(Source records)
• • • • •

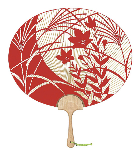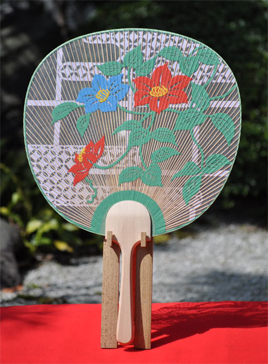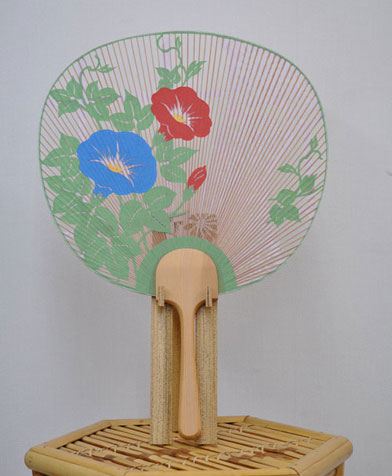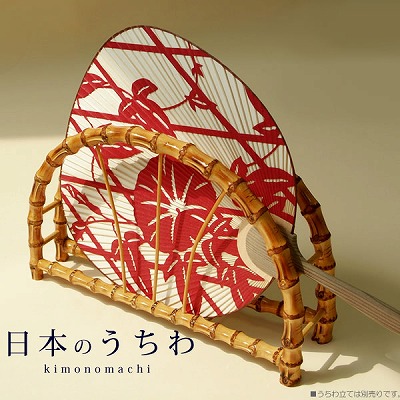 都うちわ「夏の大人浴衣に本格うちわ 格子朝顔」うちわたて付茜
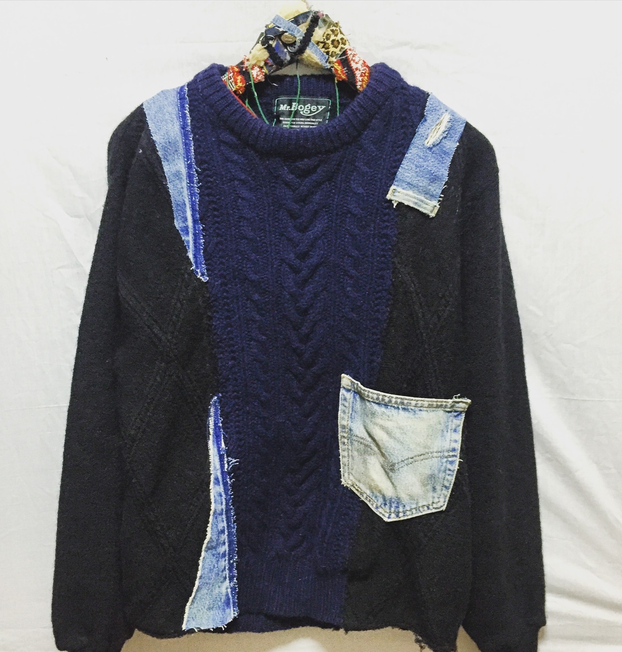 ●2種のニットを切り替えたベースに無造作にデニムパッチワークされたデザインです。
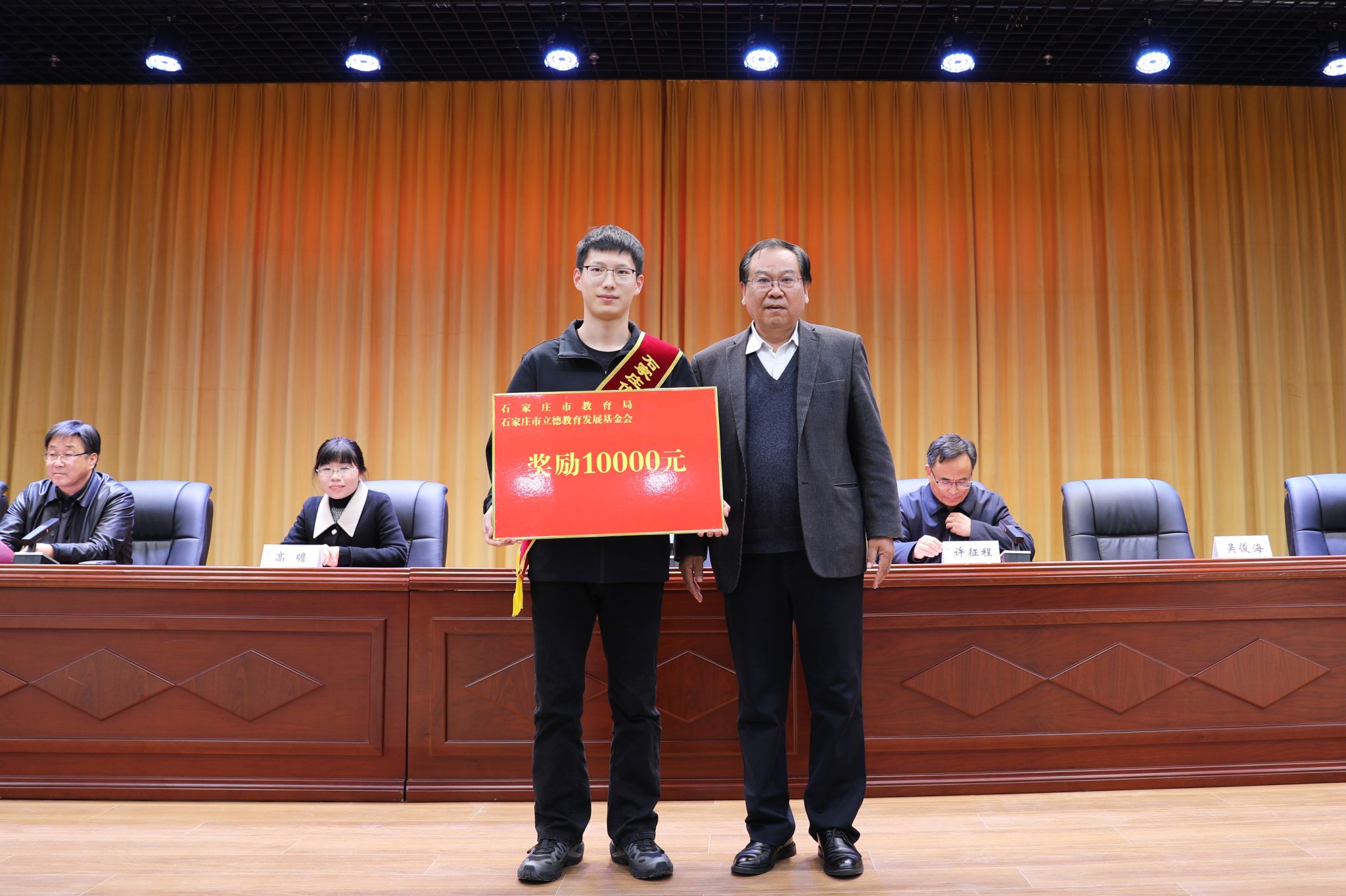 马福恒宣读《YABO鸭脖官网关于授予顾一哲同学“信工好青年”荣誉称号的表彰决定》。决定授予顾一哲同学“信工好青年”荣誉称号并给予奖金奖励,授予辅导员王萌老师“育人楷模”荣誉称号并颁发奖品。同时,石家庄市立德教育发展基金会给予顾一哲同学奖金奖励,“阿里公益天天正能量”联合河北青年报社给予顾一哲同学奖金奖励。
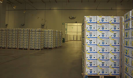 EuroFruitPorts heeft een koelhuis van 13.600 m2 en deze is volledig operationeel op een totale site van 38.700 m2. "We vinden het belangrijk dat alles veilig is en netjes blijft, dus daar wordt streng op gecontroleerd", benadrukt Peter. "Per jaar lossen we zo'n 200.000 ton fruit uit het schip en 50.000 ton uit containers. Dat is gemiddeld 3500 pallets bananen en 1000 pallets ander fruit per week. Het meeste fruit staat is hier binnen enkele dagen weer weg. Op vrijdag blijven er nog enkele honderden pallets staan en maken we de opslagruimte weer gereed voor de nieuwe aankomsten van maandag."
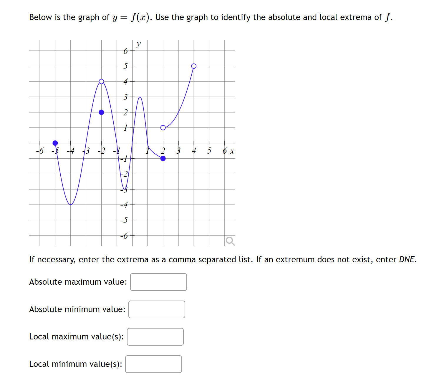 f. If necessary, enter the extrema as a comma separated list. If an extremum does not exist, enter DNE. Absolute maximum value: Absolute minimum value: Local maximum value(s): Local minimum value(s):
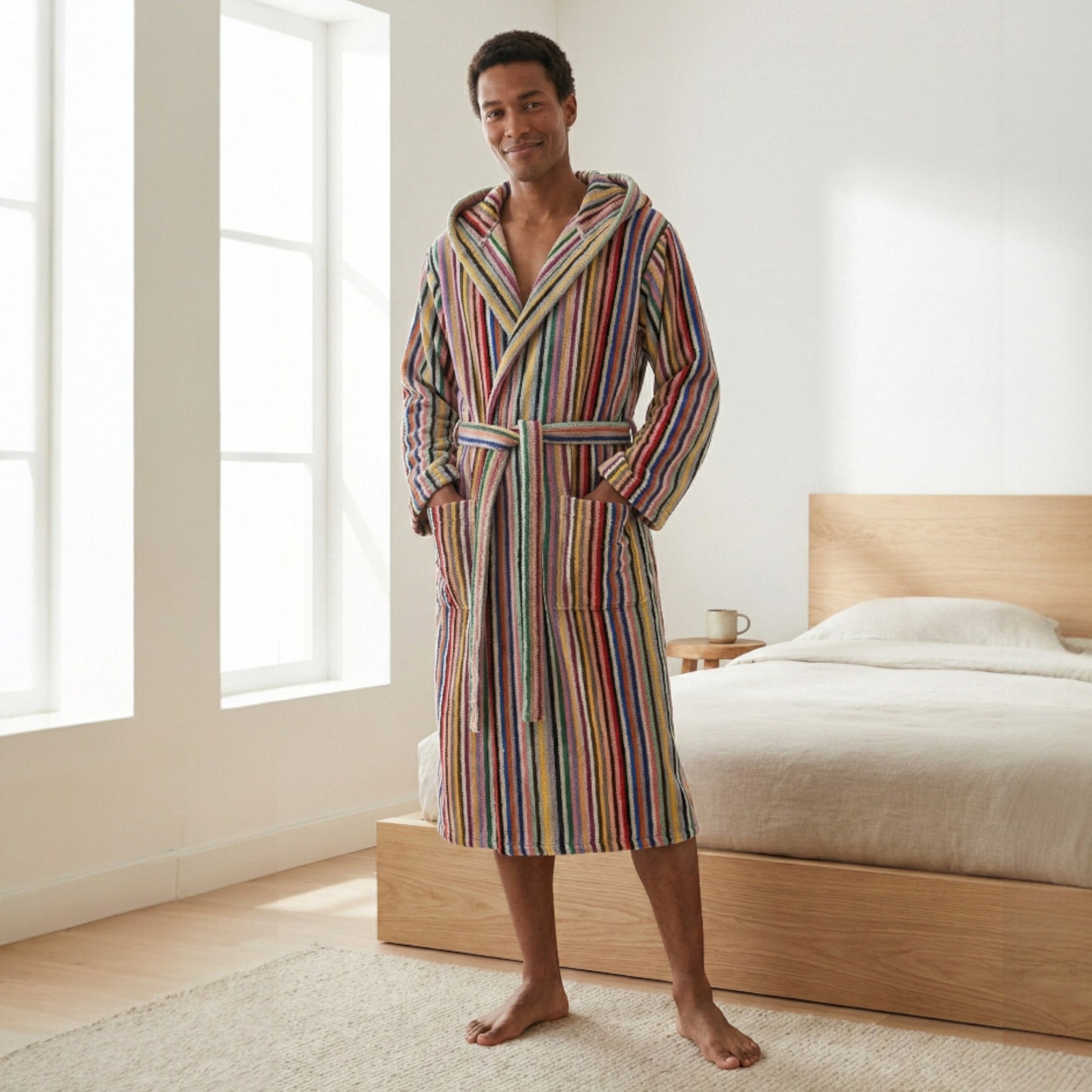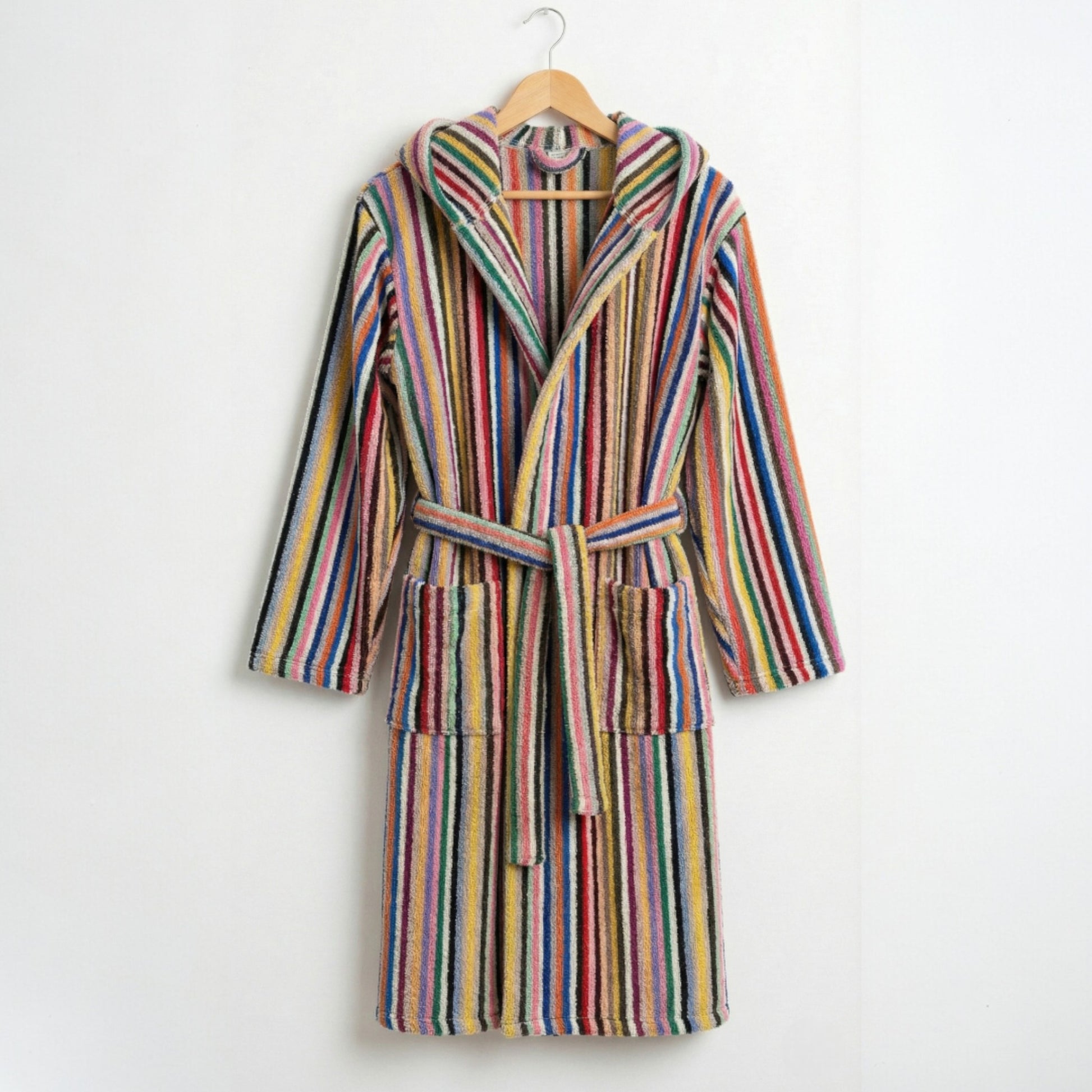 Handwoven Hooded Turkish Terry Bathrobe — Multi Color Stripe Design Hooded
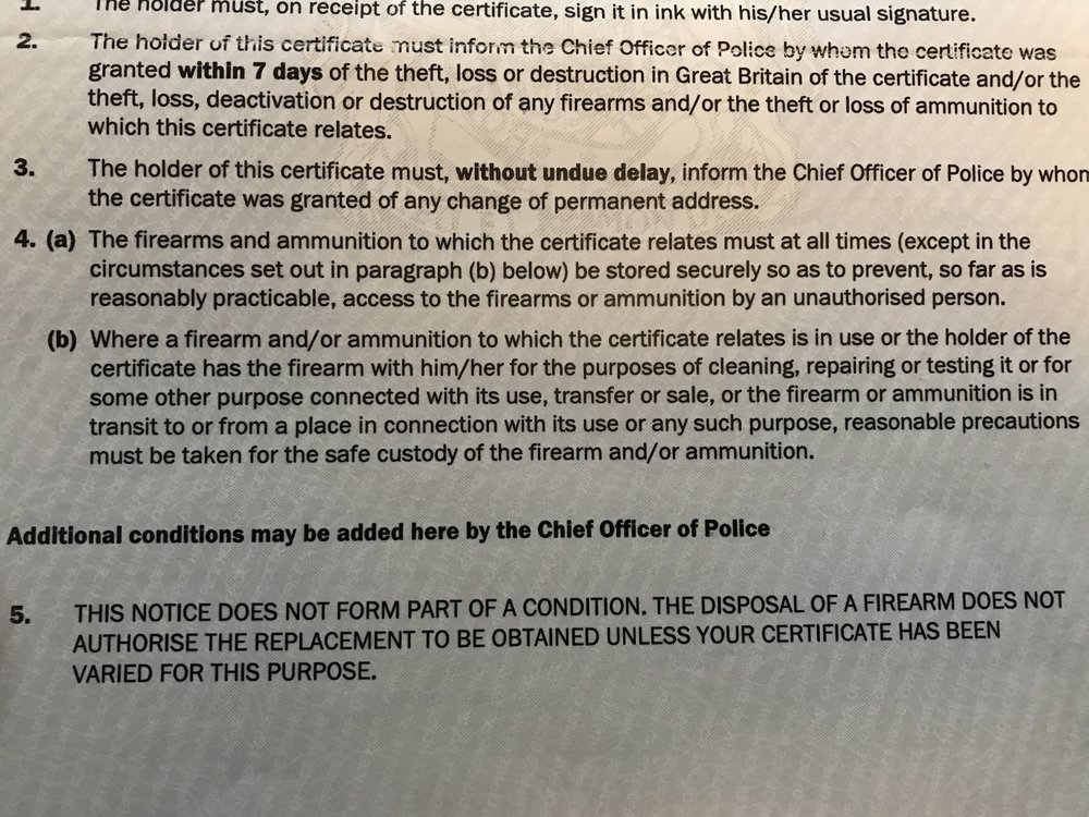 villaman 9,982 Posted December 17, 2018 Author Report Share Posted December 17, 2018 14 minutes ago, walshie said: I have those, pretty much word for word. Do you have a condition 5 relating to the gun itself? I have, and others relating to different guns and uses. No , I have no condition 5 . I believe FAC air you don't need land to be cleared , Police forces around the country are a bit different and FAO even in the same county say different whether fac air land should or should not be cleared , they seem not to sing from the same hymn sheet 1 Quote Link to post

• • • • •

* ACTIVITY: The copy should hold exactly the lines from the one containing "马福恒宣读《YABO鸭脖官网" through the final line of the records above, both ends included, and no picture.

* FINISHED EXERCISE:
 马福恒宣读《YABO鸭脖官网关于授予顾一哲同学“信工好青年”荣誉称号的表彰决定》。决定授予顾一哲同学“信工好青年”荣誉称号并给予奖金奖励,授予辅导员王萌老师“育人楷模”荣誉称号并颁发奖品。同时,石家庄市立德教育发展基金会给予顾一哲同学奖金奖励,“阿里公益天天正能量”联合河北青年报社给予顾一哲同学奖金奖励。
 EuroFruitPorts heeft een koelhuis van 13.600 m2 en deze is volledig operationeel op een totale site van 38.700 m2. "We vinden het belangrijk dat alles veilig is en netjes blijft, dus daar wordt streng op gecontroleerd", benadrukt Peter. "Per jaar lossen we zo'n 200.000 ton fruit uit het schip en 50.000 ton uit containers. Dat is gemiddeld 3500 pallets bananen en 1000 pallets ander fruit per week. Het meeste fruit staat is hier binnen enkele dagen weer weg. Op vrijdag blijven er nog enkele honderden pallets staan en maken we de opslagruimte weer gereed voor de nieuwe aankomsten van maandag."
 f. If necessary, enter the extrema as a comma separated list. If an extremum does not exist, enter DNE. Absolute maximum value: Absolute minimum value: Local maximum value(s): Local minimum value(s):
 Handwoven Hooded Turkish Terry Bathrobe — Multi Color Stripe Design Hooded
 villaman 9,982 Posted December 17, 2018 Author Report Share Posted December 17, 2018 14 minutes ago, walshie said: I have those, pretty much word for word. Do you have a condition 5 relating to the gun itself? I have, and others relating to different guns and uses. No , I have no condition 5 . I believe FAC air you don't need land to be cleared , Police forces around the country are a bit different and FAO even in the same county say different whether fac air land should or should not be cleared , they seem not to sing from the same hymn sheet 1 Quote Link to post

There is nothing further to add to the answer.